Demandante: Francisco Montenegro Demandado: Dionisio Castañeda, Antonio Bermúdez, Celedonio Ramos, Florentino Moreno, Jesús Pineda, Gabriel León Magistrado Ponente: Dr. Juan N. Méndez Corte Suprema de Justicia - Sala de Casación Civil. Bogotá, treinta y uno (31) de octubre de 1918. SENTENCIA Vistos: Francisco Montenegro, por medio de apoderado, entabló demanda ante el Juez del Circuito de Chocontá contra Dionisio Castañeda, Antonio Bermúdez, Celedonio Ramos, Florentino Moreno, Jesús Pineda y Gabriel León, representado por Aniceto León, a fin de que se sentenciase. 1. ° Que el demandante es dueño de dos terrenos situados en la vereda de Madrid jurisdicción del Municipio de Manta, marcados por los siguientes linderos: El primero: “por el pie, desde un mojón de piedra clavado enfrente de un cabagui, sigue por matas de fique y árboles a dar a un árbol guamo coposo, y sigue en línea recta a un mojón clavado al otro lado de un chorro, separando propiedades de herederos de Francisco Castañeda; por un costado, de este mojón, por el chorro arriba, a otro mojón clavado arriba de un camino desecho; de éste signe a una cuchilla, sigue toda ésta arriba a otra cuchilla alta, atraviesa una rastra, y sigue a un mojón clavado en un alto, separando terreno del señor General Daniel Aldana; por el otro costado, del mojón últimamente nombrado, a un zanjón donde está un helecho, de éste sigue a un mojón clavado a la orilla de una rastra, lindando con tierras de Ramón Gómez; sigue por la rastra abajo a un mojón clavado donde sube un camino desecho y sigue por el camino a otro mojón clavado en una falda; y de éste sigue en línea recta, al mojón, primer lindero”.

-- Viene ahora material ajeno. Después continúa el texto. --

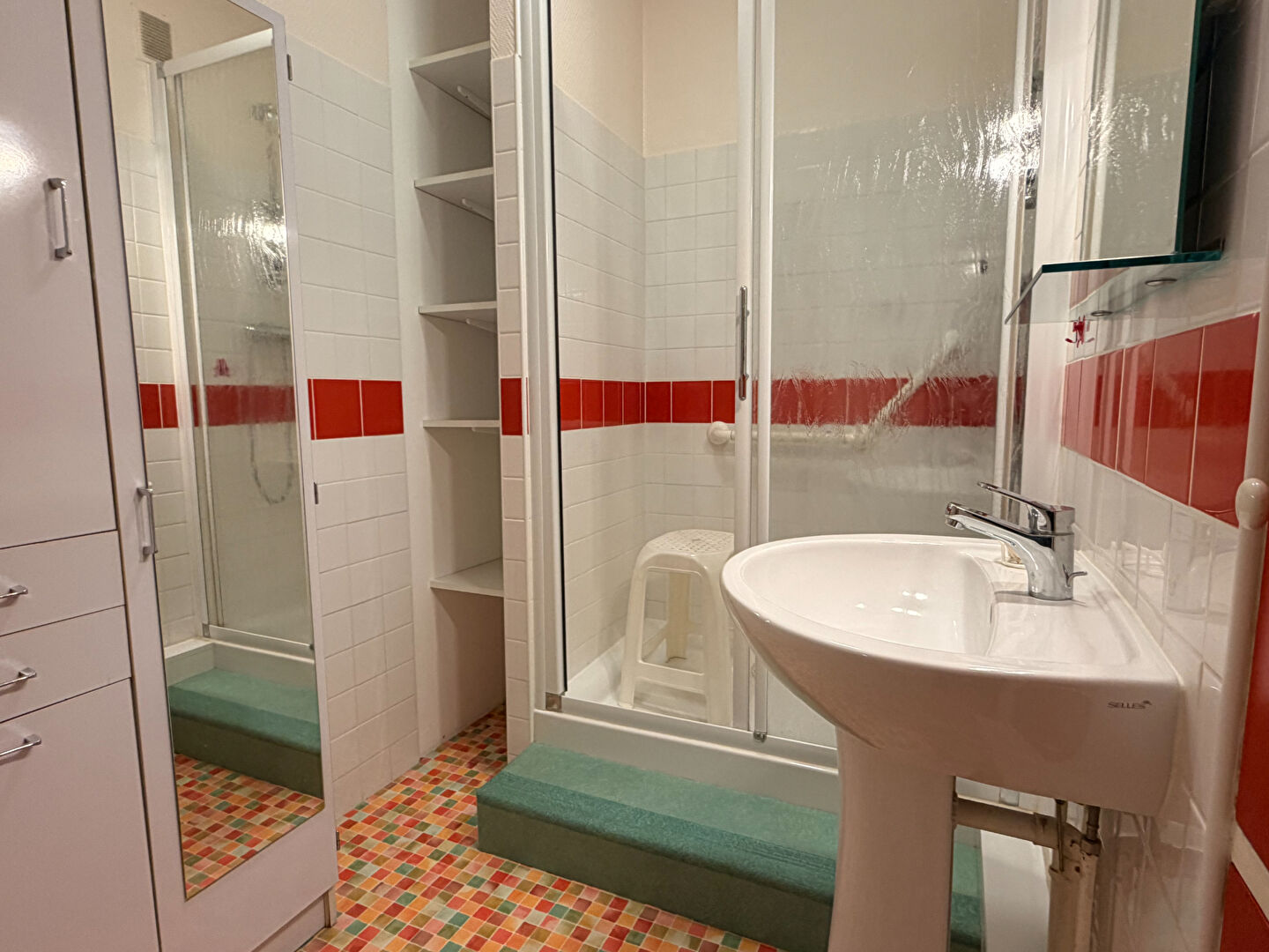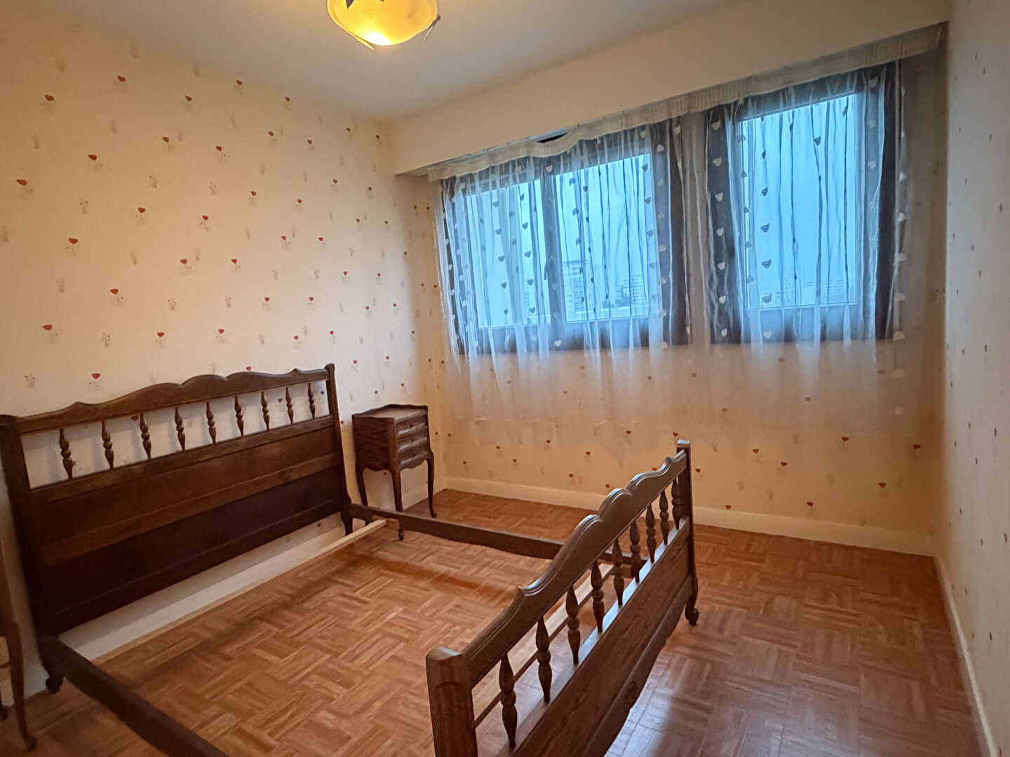 Il se compose d'une entrée, d'une cuisine indépendante, d'un salon/séjour de 17m², divers dégagements, un second salon de 12.30m² avec placard pouvant servir de troisième chambre, deux chambres, une salle d'eau et des toilettes.
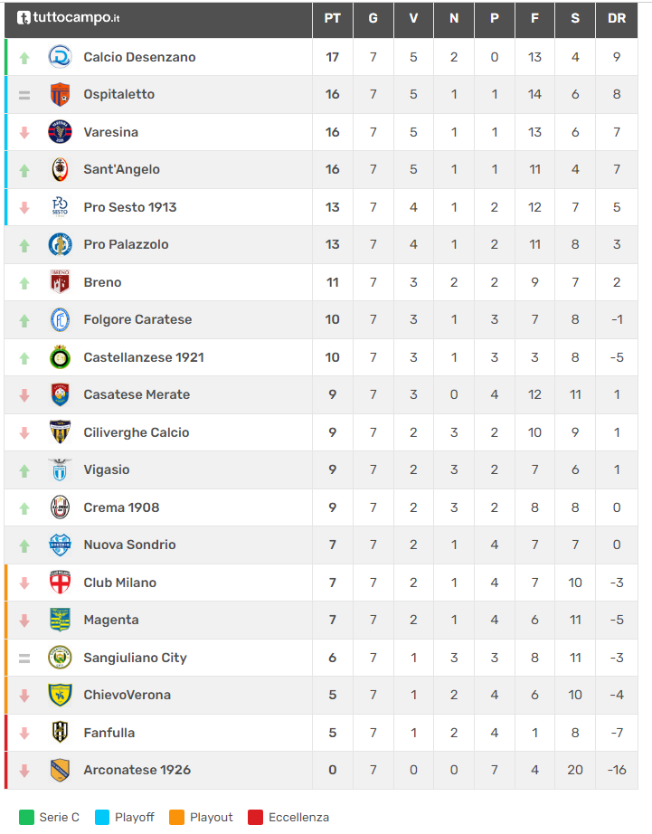 Di seguito gli altri risultati del settimo turno del girone B di Serie D e la relativa classifica:

El segundo terreno: “pie, desde una piedra nacida en una cuchilla, que está en medio de otras dos piedras, sigue a un mojón de piedra clavado en una cuchilla, separando el lote adjudicado al heredero Rafael Piñeros; por un costado de este mojón de para arriba, por la cuchilla, a encontrar una rastra y sigue ésta de para arriba a un mojón de piedra clavado donde se une la rastra con un camino desecho hasta un mojón clavado en tina falda y sigue a otro mojón clavado frente a un cabagui y por éste sigue por matas de fique a otro mojón de piedra clavado, y de éste baja a la piedra nacida, primer lindero”. 2. ° Que los expresados demandados deben entregar al demandante los referidos dos terrenos, y deben pagarle los arriendos de éstos desde la fecha en que los retienen indebidamente. 3. ° Que los mismos demandados deben pagar las costas del juicio.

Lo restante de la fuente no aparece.